▶ _DIRECTIONS_:
Scan the records for the word "también". Return each line where it is found.

↓

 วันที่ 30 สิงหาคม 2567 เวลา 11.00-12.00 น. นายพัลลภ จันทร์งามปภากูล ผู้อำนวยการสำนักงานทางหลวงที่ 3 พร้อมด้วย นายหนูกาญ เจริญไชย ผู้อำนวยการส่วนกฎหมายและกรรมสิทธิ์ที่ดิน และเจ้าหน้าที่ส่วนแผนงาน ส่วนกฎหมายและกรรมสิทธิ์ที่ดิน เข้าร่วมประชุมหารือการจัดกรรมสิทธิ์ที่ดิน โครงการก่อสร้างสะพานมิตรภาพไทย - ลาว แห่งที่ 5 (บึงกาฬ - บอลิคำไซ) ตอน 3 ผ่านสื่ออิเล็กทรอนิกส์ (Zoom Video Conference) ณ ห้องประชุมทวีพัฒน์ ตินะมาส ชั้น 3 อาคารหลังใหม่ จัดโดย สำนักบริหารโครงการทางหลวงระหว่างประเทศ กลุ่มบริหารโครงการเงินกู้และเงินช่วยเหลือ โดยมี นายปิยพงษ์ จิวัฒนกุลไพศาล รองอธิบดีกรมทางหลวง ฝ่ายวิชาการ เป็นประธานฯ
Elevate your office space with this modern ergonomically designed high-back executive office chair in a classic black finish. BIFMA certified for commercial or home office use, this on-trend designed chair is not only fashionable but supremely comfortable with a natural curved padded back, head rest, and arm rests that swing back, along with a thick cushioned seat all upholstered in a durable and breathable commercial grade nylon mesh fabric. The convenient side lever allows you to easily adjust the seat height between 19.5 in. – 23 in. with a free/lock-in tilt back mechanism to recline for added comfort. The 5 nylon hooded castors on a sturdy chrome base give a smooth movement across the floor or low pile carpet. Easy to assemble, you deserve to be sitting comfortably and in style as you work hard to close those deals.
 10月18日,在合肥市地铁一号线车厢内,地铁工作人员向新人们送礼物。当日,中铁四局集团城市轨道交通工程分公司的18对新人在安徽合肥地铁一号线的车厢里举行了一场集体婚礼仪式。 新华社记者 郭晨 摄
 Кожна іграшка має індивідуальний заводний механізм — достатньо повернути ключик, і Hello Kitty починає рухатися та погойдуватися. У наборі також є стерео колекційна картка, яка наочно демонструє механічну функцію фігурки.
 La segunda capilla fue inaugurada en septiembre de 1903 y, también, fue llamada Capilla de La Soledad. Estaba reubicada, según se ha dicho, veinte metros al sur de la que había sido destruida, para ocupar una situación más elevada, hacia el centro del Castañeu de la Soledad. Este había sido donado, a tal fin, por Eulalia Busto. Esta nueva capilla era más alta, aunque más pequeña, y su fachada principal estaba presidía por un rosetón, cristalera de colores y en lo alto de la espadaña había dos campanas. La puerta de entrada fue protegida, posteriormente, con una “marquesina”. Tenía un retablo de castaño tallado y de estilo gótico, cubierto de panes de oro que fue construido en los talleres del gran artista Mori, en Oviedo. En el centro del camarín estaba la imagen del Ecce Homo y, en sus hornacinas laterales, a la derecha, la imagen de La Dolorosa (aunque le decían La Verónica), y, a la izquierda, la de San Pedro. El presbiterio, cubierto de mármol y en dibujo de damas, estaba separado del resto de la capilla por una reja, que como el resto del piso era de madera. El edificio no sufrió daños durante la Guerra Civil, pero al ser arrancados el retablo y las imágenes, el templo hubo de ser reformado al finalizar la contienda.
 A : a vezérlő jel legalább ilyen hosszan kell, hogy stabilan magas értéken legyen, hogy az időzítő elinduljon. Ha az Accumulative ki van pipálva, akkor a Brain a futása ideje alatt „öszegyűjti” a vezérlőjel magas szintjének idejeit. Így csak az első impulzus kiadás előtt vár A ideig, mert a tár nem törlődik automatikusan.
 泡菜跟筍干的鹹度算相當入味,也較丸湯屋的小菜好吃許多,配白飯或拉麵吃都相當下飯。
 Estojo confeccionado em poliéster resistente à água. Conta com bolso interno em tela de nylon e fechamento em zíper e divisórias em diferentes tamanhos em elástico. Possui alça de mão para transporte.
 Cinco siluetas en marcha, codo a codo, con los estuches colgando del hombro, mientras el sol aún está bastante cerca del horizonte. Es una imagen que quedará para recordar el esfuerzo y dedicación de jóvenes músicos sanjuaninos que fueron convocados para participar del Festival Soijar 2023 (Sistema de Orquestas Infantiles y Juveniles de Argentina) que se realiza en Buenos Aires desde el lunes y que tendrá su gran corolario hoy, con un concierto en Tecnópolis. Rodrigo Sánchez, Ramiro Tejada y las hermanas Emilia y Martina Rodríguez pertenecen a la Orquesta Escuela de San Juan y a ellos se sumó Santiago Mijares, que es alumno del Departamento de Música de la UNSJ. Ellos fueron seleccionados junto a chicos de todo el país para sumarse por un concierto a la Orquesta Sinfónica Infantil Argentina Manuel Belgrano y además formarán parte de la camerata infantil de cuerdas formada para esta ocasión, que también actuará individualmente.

↑

▶ _WRITTEN SOLUTION_:
 La segunda capilla fue inaugurada en septiembre de 1903 y, también, fue llamada Capilla de La Soledad. Estaba reubicada, según se ha dicho, veinte metros al sur de la que había sido destruida, para ocupar una situación más elevada, hacia el centro del Castañeu de la Soledad. Este había sido donado, a tal fin, por Eulalia Busto. Esta nueva capilla era más alta, aunque más pequeña, y su fachada principal estaba presidía por un rosetón, cristalera de colores y en lo alto de la espadaña había dos campanas. La puerta de entrada fue protegida, posteriormente, con una “marquesina”. Tenía un retablo de castaño tallado y de estilo gótico, cubierto de panes de oro que fue construido en los talleres del gran artista Mori, en Oviedo. En el centro del camarín estaba la imagen del Ecce Homo y, en sus hornacinas laterales, a la derecha, la imagen de La Dolorosa (aunque le decían La Verónica), y, a la izquierda, la de San Pedro. El presbiterio, cubierto de mármol y en dibujo de damas, estaba separado del resto de la capilla por una reja, que como el resto del piso era de madera. El edificio no sufrió daños durante la Guerra Civil, pero al ser arrancados el retablo y las imágenes, el templo hubo de ser reformado al finalizar la contienda.
 Cinco siluetas en marcha, codo a codo, con los estuches colgando del hombro, mientras el sol aún está bastante cerca del horizonte. Es una imagen que quedará para recordar el esfuerzo y dedicación de jóvenes músicos sanjuaninos que fueron convocados para participar del Festival Soijar 2023 (Sistema de Orquestas Infantiles y Juveniles de Argentina) que se realiza en Buenos Aires desde el lunes y que tendrá su gran corolario hoy, con un concierto en Tecnópolis. Rodrigo Sánchez, Ramiro Tejada y las hermanas Emilia y Martina Rodríguez pertenecen a la Orquesta Escuela de San Juan y a ellos se sumó Santiago Mijares, que es alumno del Departamento de Música de la UNSJ. Ellos fueron seleccionados junto a chicos de todo el país para sumarse por un concierto a la Orquesta Sinfónica Infantil Argentina Manuel Belgrano y además formarán parte de la camerata infantil de cuerdas formada para esta ocasión, que también actuará individualmente.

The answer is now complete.